Rubrik recently presented at Tech Field Day 12 and one of the sessions focused on our distributed filesystem called Atlas. As one of the SE’s at Rubrik I’m in the field every day (proudly) representing my company but also competing with other, more traditional backup and recovery vendors. What is apparent more and more is that these traditional vendors are also going down the appliance route to sell their solution into the market, and as such I sometimes get the pushback from potential customers saying they can also get an appliance based offer from their current supplier, or not really immediately grasping why this model can be beneficial to them.
A couple of things I wanted to clarify first, when I say “also down the appliance route” I need make clear that this is purely a way to offer the solution to market for us, there is nothing special about the appliance as such, all of the intelligence in Rubrik’s case lies in the software, we even started to offer a software only version in the form of a virtual appliance for ROBO use cases recently.
Secondly, some traditional vendors can indeed deliver their solution in an appliance based model, be it their own branded one, or pre-packaged via a partnership with a traditional hardware vendor. I’m not saying there is something inherently bad about this, simplifying the acquisition of a backup solution via an appliance based model is great, but there the comparison stops, it will still be a legacy based architecture with disparate software components, typically these software components, think media server,  database server, search server, storage node, etc. need individual love and care, daily babysitting if you will, to keep them going.
Lastly from a component point of view our appliance consists of multiple independent (masterless) nodes that are each capable of running all tasks of the data management solution, in other words there is no need to protect, or indeed worry about, individual software and hardware components as everything is running distributed and able to sustain multiple failures while remaining operational.

nospoon There is no spoon (box)

So the difference lies in the software architecture, not the packaging, as such we need to look beyond the box itself and dive into why starting from a clustered distributed system as a base makes much more sense in todays information era.

The session at TFD12 was presented by Adam Gee and Roland Miller, Adam is the lead of Rubrik’s distributed filesystem called Atlas, it shares some architectural principles with a previous filesystem Adam worked on while he was at Google called Colossus, most items you store while using Google services end up on Colossus, it itself is the successor to the Google File System (GFS) bringing the concept of a masterless cluster to it and making it much more scalable.

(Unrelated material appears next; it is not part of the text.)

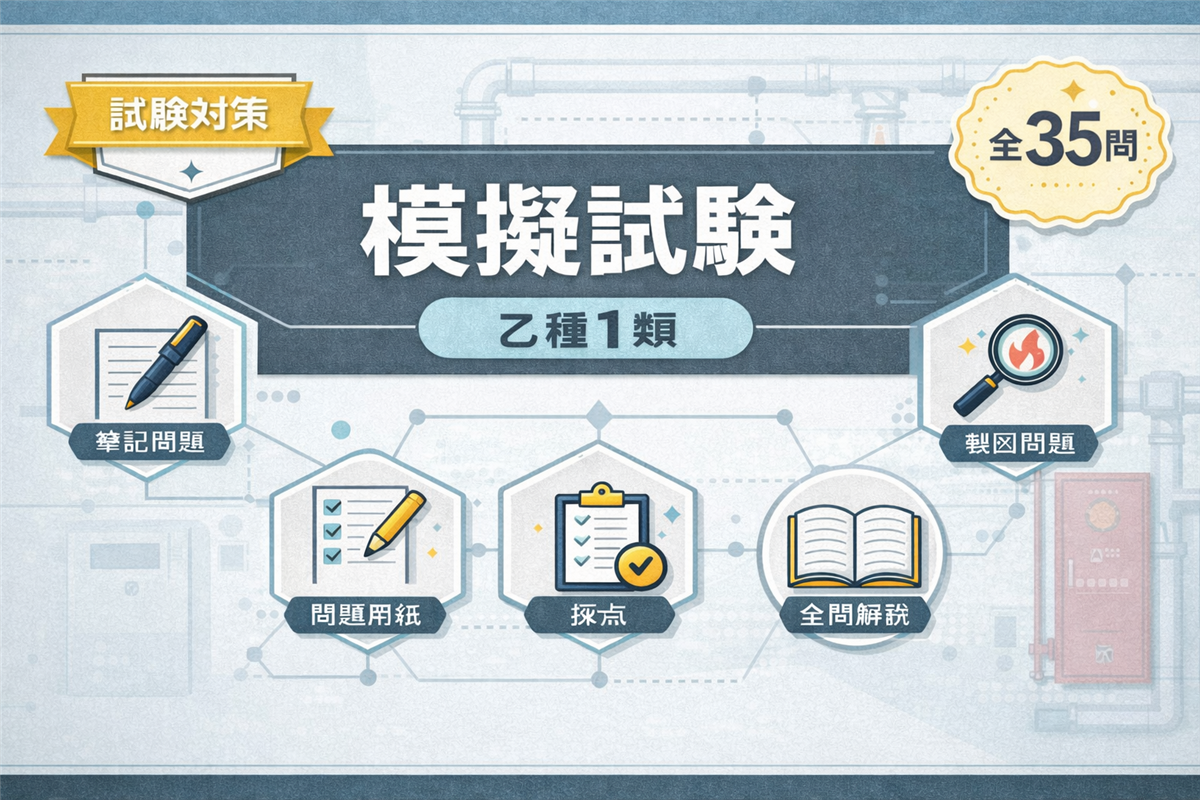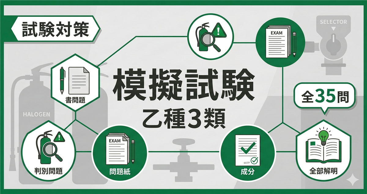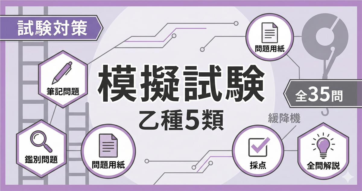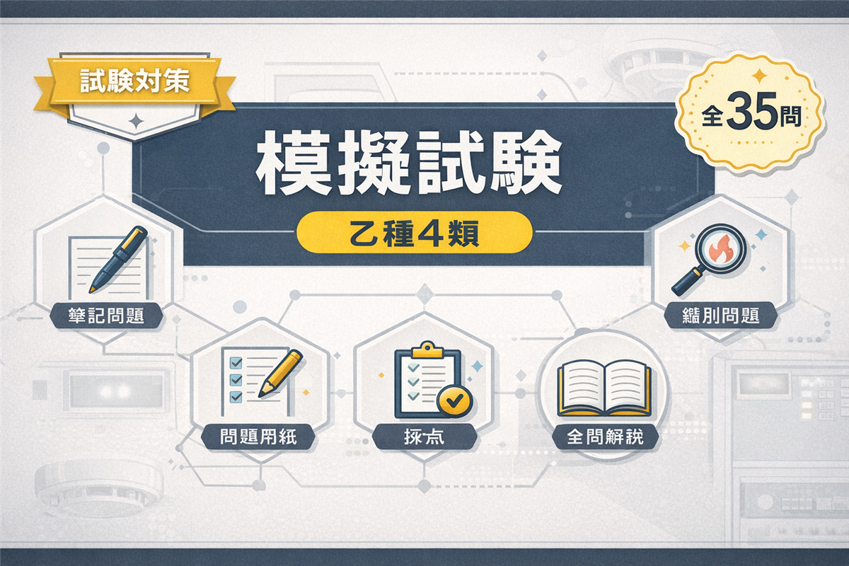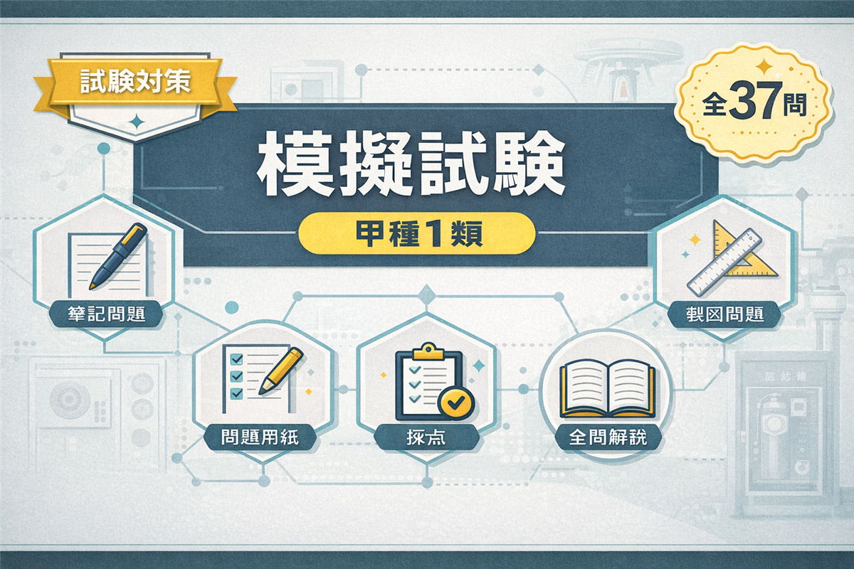 乙種5類 模擬試験(第2回)とは? この模擬試験は、乙種第5類消防設備士試験の本番を想定した全35問の実戦形式テストです。第1回とは異なる切り口から出題しています。 科目 問数 足切りライン 法令共通 6問 40%以上 法令類別 4問 40%以上 機械の基礎知識 5問 40%以上 構造・機能・整備 15問 40%以上 実技(鑑別) 5問 60%以上 合計 35問 筆記60%+実技60% 使い方 ① 解答用紙を開く② 時間を計りながら解く(目安:1時間45分)③ 解答・解説で答え合わせ 解答用紙を開く 筆記 ...
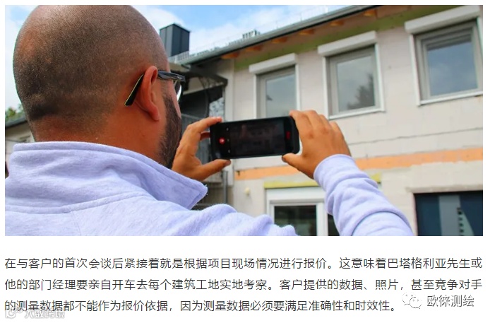 Kolb是一家德国的脚手架安装公司,他们的主要业务是对施工现场的脚手架安装进行报价和施工,巴塔格利亚先生于2010年接管了这家传统的脚手架安装公司,并在近年来采用徕卡BLK3D的测量成果作为订单报价的依据和工人安装的辅助,替代了传统方式下由卷尺和激光测距仪进行的大量测量工作。凭借徕卡BLK3D带来的高效性和准确性,在订单激增的同时,巴塔格利亚先生也成为了德国当地脚手架公司协会的区域代表。

Not a lot is available on the web in terms of technical details around Colossus, but you can read a high level article on Wired about it here.

Atlas, which sits at the core of the Rubrik architecture, is a distributed filesystem, built from scratch with the Rubrik data management application in mind. It uses all distributed local storage (DAS) resources available on all nodes in the cluster and pools them together into a global namespace. As nodes are added to the cluster the global namespace grows automatically, increasing capacity in the cluster. The local storage resources on each node consist of both SSD and HDD’s, the metadata of Atlas (and the metadata of the data management application) is stored in the metadata store (Callisto) which is also running distributed on all nodes in the SSD layer. The nodes communicate internally using RPC which are presented to Atlas by the cluster management component (Forge) in a topology aware manner thus giving Atlas the capability to provide data locality. This is needed to ensure that data is spread correctly throughout the cluster for redundancy reasons. For example, assuming we are using triple mirror, we need to store data in 3 different nodes in the appliance, let’s now assume the cluster grows beyond 1 appliance, then it would make more sense from a failure domain point of view to move 1 copy of the data from one of the local nodes to the other appliance.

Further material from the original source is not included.